Hobby Stuff (Survival and Thrival)

Hobbies are jobs with expenses and without an income. Hobbies are things we do with no greater requirement than that we want to do them. You might call hobbies an interest or passion in action, an exciting educational tool, or an alternative to staring at the web or TV.

There are about 16,894 hobbies (just guessing.) Hobbies can be grouped by the amount of physical, mental, spiritual, and emotional involvement, and whether you create, collect, grow, alter, interact, or observe your unprofessional field, but I can’t imagine any reason to bother grouping them.

The primary reasons to have hobbies are

  1. you have an interest and no way (yet) to earn money doing it,
  2. you have an interest in some benefit from it,
  3. you want to do something exactly your own way,
  4. your doctor, probation officer, or spouse told you to,
  5. you want to join friends or a community that share that interest,
  6. you simply want to.

Hobbies can be personal or for other people. Knitting, baking, or basic wood working can be a friendship tool. Baking cookies for a new family on the block, or a cozy pair of socks for a guy at church, or a cool bookmark can be delightful gifts. Some hobbies only offer self-gratification. Keeping a journal, for instance, or collecting things that are very personal to you, and never to be shown to the world or even your closest friend.

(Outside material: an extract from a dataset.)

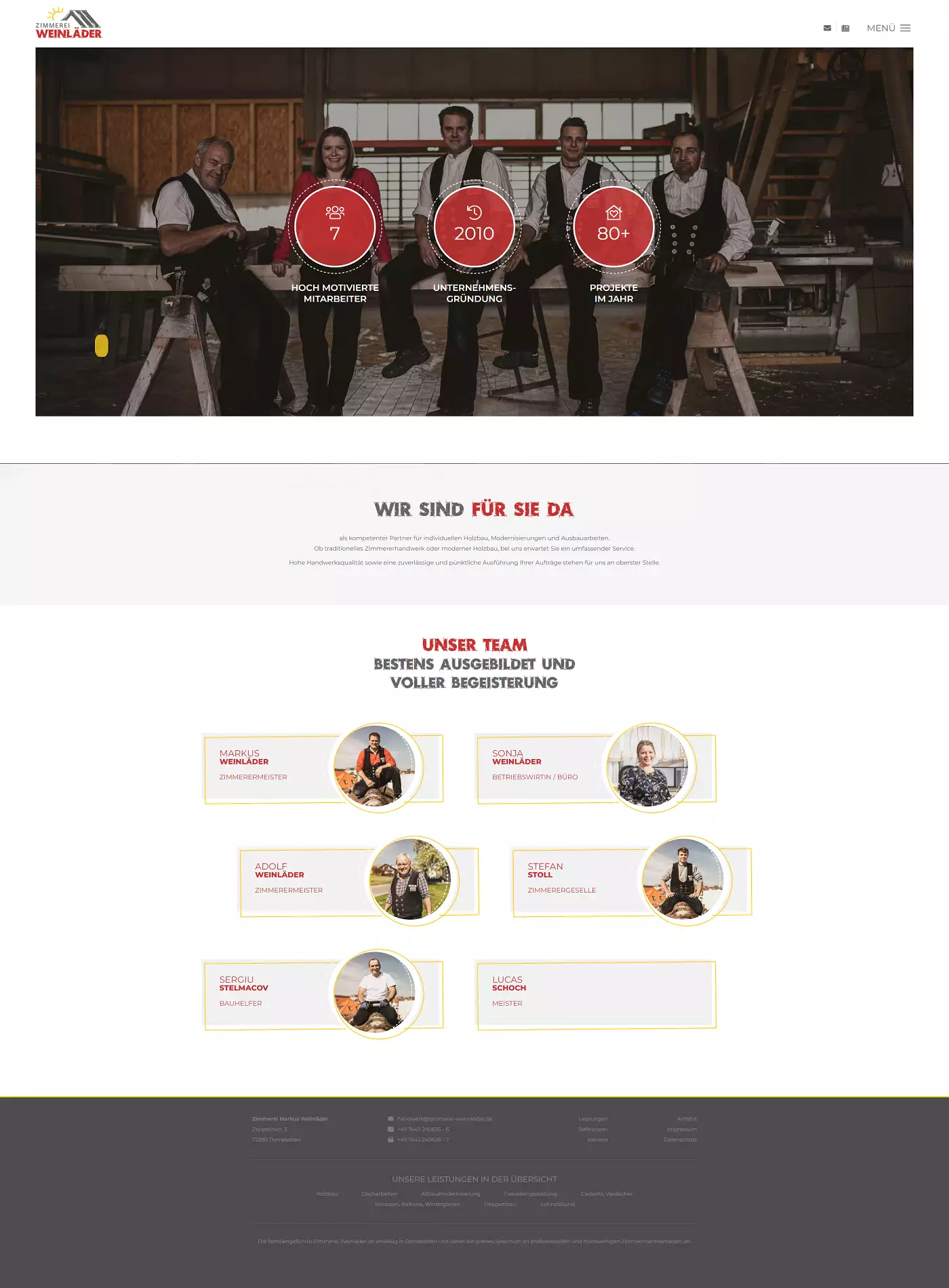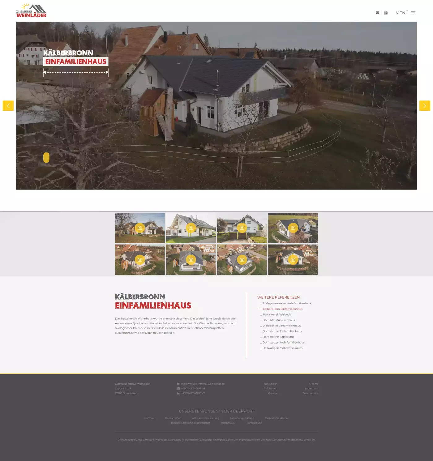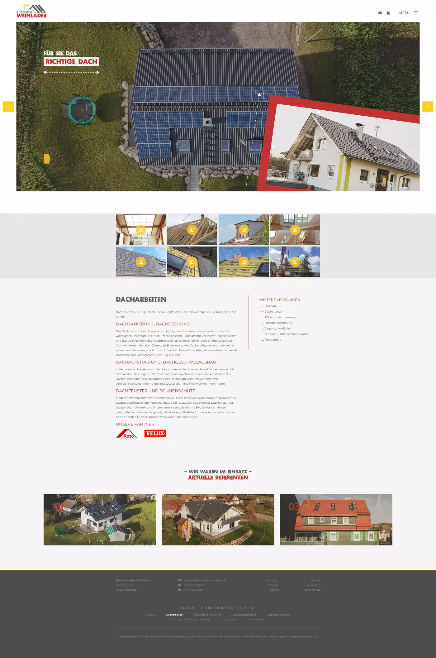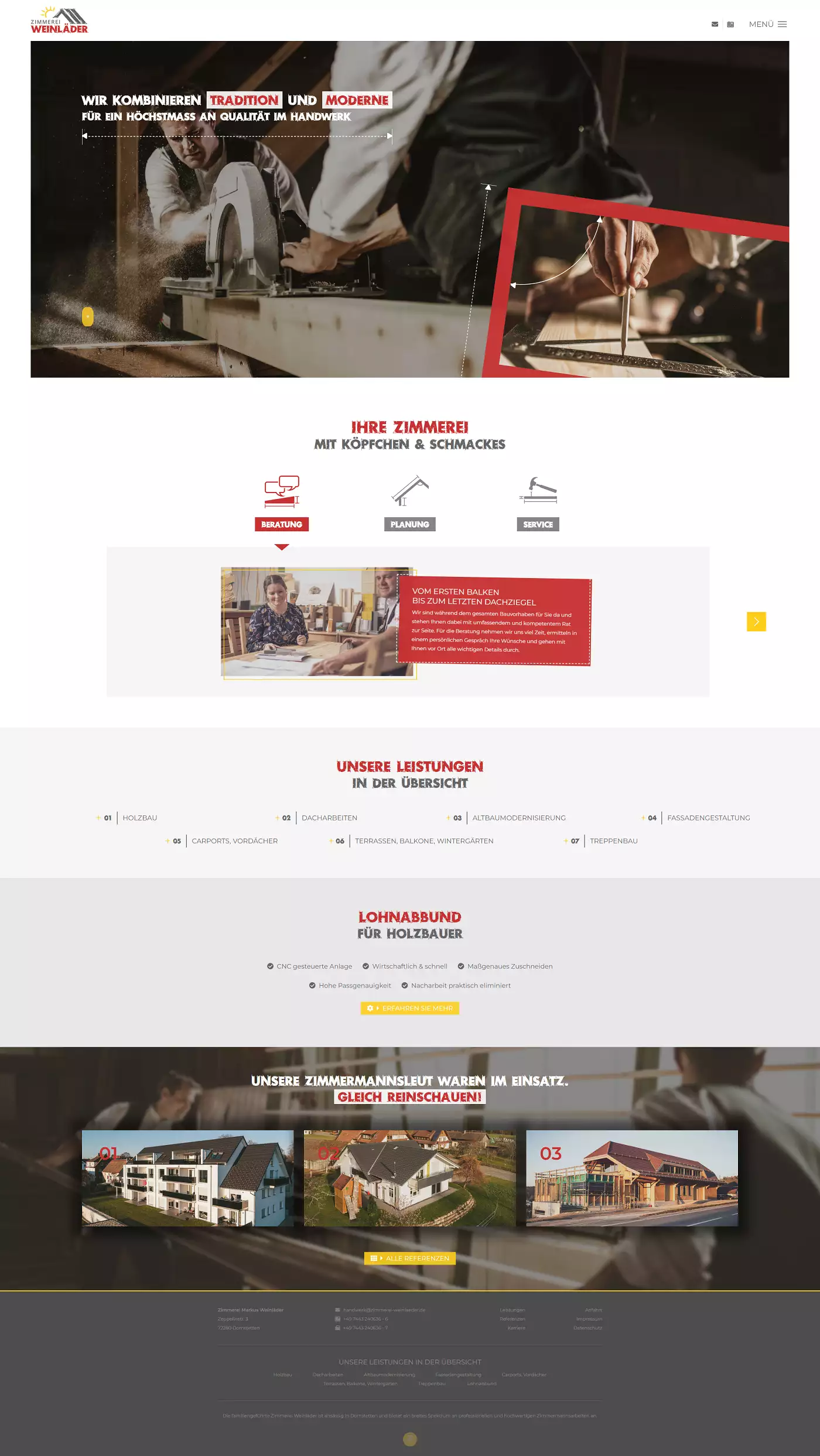 Die Kombination aus Tradition und Moderne, welche die Zimmerer täglich mit Herzblut leben in Kombination mit den Unternehmensschwerpunkten, welche die Grundpfeiler für erfolgreich ausgeführte Projekte sind, bilden die ersten Inhalte der Startseite. Somit stellen wir dirket in den Vordergrund, worauf das Familienunternehmen Wert legt und der Kunde immer im Mittelpunkt steht, sich gut aufgehoben weiß. Im weiteren Verlauf wir ein Überblick in das Leistungsspektrum und die Referenzen ermöglicht.

The difference between a hobby and a pastime is purpose and action. There is a reason for hobbies. Whiling away time is a pointless escape. Sitting in front of the TV will allow time to go by less painfully, or it might speed up the hour you have to kill before something more important, but it has no real purpose. Even if you have a reason to watch, like catching up on the news, it remains a pastime unless you do something with it. Maybe you blog about it, or summarize news reporting for your friends, or study journalistic slant, etc. The more you do with a pastime, the more it becomes a hobby.

Keeping an aquarium is a good example. A goldfish that lives in a bowl on your desk can be a hobby, but not much. You feed it daily (or almost daily) and change its water under the kitchen tap once a week or so. You stare at it once in a while while deep in thought or bored. That’s the extent of it for some. Others keep several aquariums, arrange beautiful displays, special plants, and hiding places. They study the conditions for breeding and raising baby fish, and attempt cross-breeding. They learn methods for changing and maintaining water conditions, temperatures, and special water motion to induce happiness for their fish. Some go whole hog with saltwater fish, experiment with filters, lights, gas injections, pH levels, tidal patterns, corals, mineral alterations, and protein skimming, and share information with groups of like-minded enthusiasts.

Whatever hobbies you participate in reflect your character. What hobbies do you enjoy? Are there any you would like to consider?